Let’s see how these analysis metrics work in actual life! We undertake a generic setup with out utilizing textual content prompts or discrete labels within the video era process. We use the TikTok dataset [9] to supply a quantitative comparability of varied video analysis metrics.
Particularly, we generate 50 movies utilizing totally different checkpoints named (a) by way of (e). We don’t use CLIP or IS on this comparability, as they aren’t appropriate for our setup. The fashions (a) to (e) are sorted primarily based on human scores collected by way of a person examine, from worse to raised visible high quality (mannequin (e) has the very best visible high quality and mannequin (a) has the worst). We are able to then examine how properly the analysis metrics align with human judgments.

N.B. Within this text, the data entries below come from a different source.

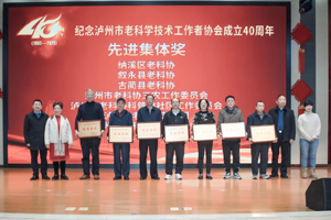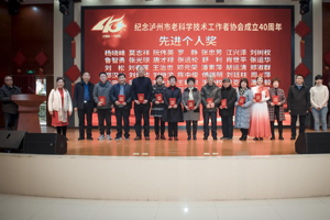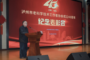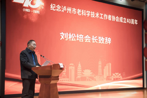 大会在与会人员庄严的国歌声中开场,刘松培会长代表市老科协在纪念大会上致辞。他在致辞中指出,泸州市老科协自泸州市1983年省辖时建会,至今已四十年。建会以来,在泸州市委、市政府的正确领导下,在省老科协和市科协的指导和支持下,市老科协团结带领全市老科技工作者,以政治引领加强组织建设,基层组织和会员队伍不断发展壮大;以专题调研推进建言献策,赢得了党委、政府的肯定和支持;以服务“三农”助力“脱贫攻坚”和乡村振兴发展,“百村千户科技促进行动”成绩显著;以科普“五进“提升全民科学素质,在乡村和街道、社区和校园,社会影响广泛,成效显著;以多种形式开展康乐建家活动,进一步增强了协会的吸引力、凝聚力和影响力。特别是2015年换届以来,市老科协新一届理事会、常务理事会在前辈老科技工作者们通过32年艰苦奋斗奠定起来的坚实基础上,带领全市老科技工作者继续奋斗,在组织建设、建言献策、“三农服务”、科学普及等方面又取得了新的发展和作出了新的贡献。2022年泸州市老科协获得“中国老科学技术工作者协会奖“光荣称号。
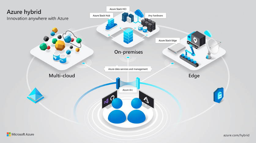 2019年底,Microsoft发布了Azure Arc混合云技术预览。Azure Arc的目标是在任何环境中应用创新,同时提供完善的开发 、 部署和持续业务管理经验.此前,Microsoft Azure Stack HCI已部署一致的云模式,用于企业本地和边缘环境,Azure DevOps为任何环境和任何云提供一致的 DevOps业务开发,微软还将将云层安全扩展到所有基础设施,基于Azure Cognitive Services的人工智能模型也可以在任何地方运行。Azure Arc是混合云的另一个新高度。
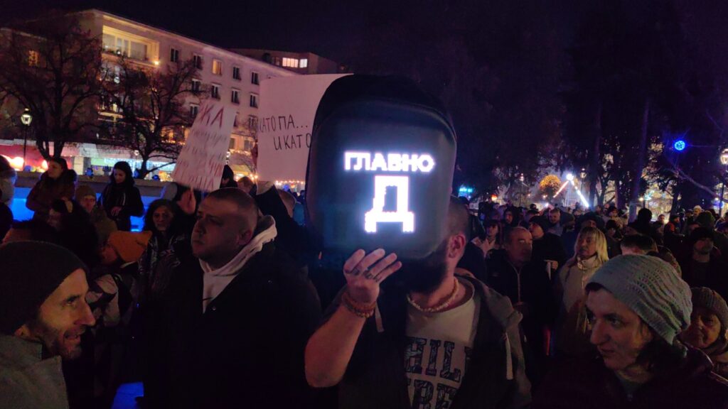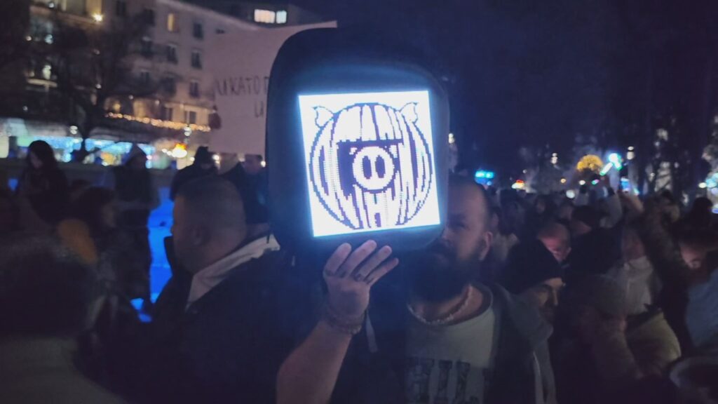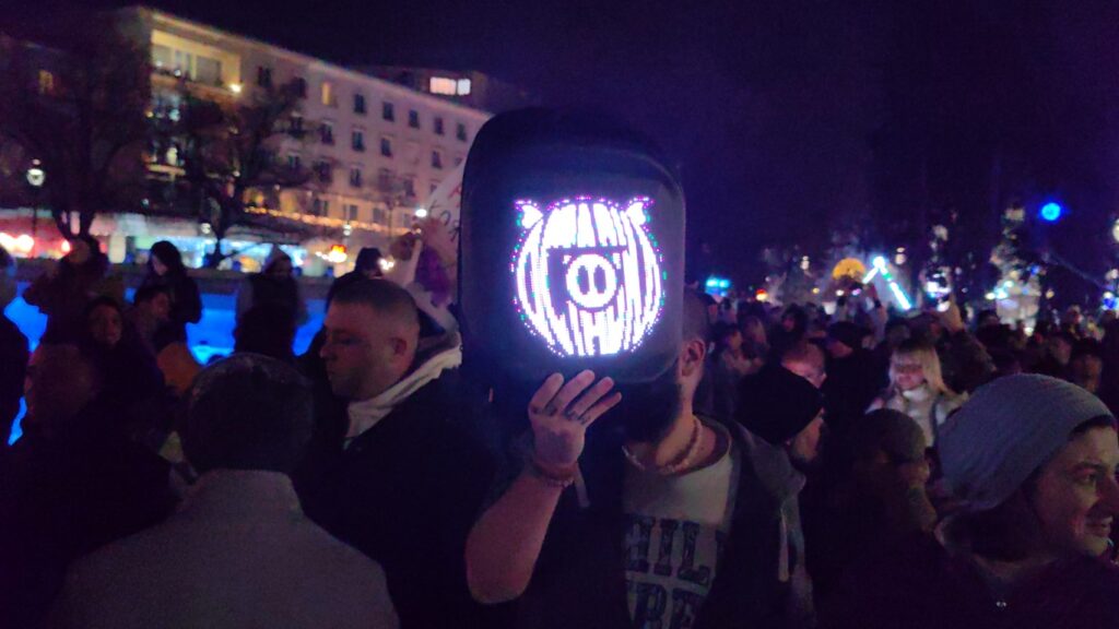Успяхме да разберем, че това е раница с LED дисплей. Закупена е била още преди няколко години и днес е превърната в светещ плакат. Недостатък е сравнително малкия размер на екрана, но затова пък е динамичен. Може да изобразява снимки, надписи и кратки GIF анимации. Захранва се с Power Bank и може да работи до 6 часа. По този начин не е необходимо някой журналист да ви освети, за да се види какъв плакат държите в ръцете и какви послания отправяте в тъмното. На дневна светлина нещата не са толкова ефективни, но определено в тъмното се откроявате в тълпата.

We put collectively a few movies generated by totally different fashions which clearly differ in visible high quality. Fashions (a-c) end in movies with incomplete human shapes and unnatural motions. Mannequin (d) produces a video with higher visible high quality, however the movement remains to be not easy, leading to plenty of flickering. Compared, mannequin (e) generates a video with higher visible high quality and movement consistency.
Disclaimer: These video samples are nowhere close to good; nonetheless, they’re enough to match totally different analysis metrics.
Quantitative Outcomes.
On this desk, we present the uncooked scores given by the metrics, the place FVD, FID, and FVMD are lower-is-better metrics, whereas VBench is higher-is-better. We additionally report the corresponding rating among the many 5 fashions primarily based on quantitative outcomes. The rating correlation between the metrics analysis and human scores can also be reported, the place the next worth signifies higher alignment with human judgments.
We are able to see the paradox of some analysis metrics. Mannequin (a), which has the poorest high quality, can’t be successfully distinguished from fashions (b-d) primarily based on the FID or VBench metrics. Moreover, mannequin (c) is mistakenly ranked greater than mannequin (d) by all metrics aside from the FVMD metric. Particularly, VBench offers very shut scores to fashions (a-d) with clearly totally different visible high quality, which aren’t in line with human judgments. FVMD, however, ranks the fashions accurately in keeping with human scores. Furthermore, FVMD offers distinct scores for video samples of various high quality, exhibiting a clearer separation between fashions. This means that FVMD is a promising metric for evaluating video generative fashions, particularly when movement consistency is worried.
Frames Comparability.
We additionally current visualizations of video frames for one randomly chosen scene to additional examine the metrics constancy.